■ Problem statement: Within the records below is a range that opens at the line with "バルコニーから見られるので身" and closes at the line with "Royal Blue Banarasi". Return that range word for word, both ends included, and only that range.

■ Listed records:
»»

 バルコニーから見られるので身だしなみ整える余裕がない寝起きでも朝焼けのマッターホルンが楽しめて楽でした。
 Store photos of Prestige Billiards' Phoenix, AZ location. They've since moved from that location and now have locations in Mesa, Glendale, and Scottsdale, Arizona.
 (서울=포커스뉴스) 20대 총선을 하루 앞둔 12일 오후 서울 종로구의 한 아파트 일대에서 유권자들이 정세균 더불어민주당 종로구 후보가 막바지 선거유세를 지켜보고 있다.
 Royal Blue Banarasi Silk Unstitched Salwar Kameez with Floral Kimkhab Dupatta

««
»»

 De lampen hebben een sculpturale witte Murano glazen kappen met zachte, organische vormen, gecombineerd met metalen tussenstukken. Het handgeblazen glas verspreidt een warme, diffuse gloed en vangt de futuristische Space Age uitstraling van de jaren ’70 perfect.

««

■ Task answer:
 バルコニーから見られるので身だしなみ整える余裕がない寝起きでも朝焼けのマッターホルンが楽しめて楽でした。
 Store photos of Prestige Billiards' Phoenix, AZ location. They've since moved from that location and now have locations in Mesa, Glendale, and Scottsdale, Arizona.
 (서울=포커스뉴스) 20대 총선을 하루 앞둔 12일 오후 서울 종로구의 한 아파트 일대에서 유권자들이 정세균 더불어민주당 종로구 후보가 막바지 선거유세를 지켜보고 있다.
 Royal Blue Banarasi Silk Unstitched Salwar Kameez with Floral Kimkhab Dupatta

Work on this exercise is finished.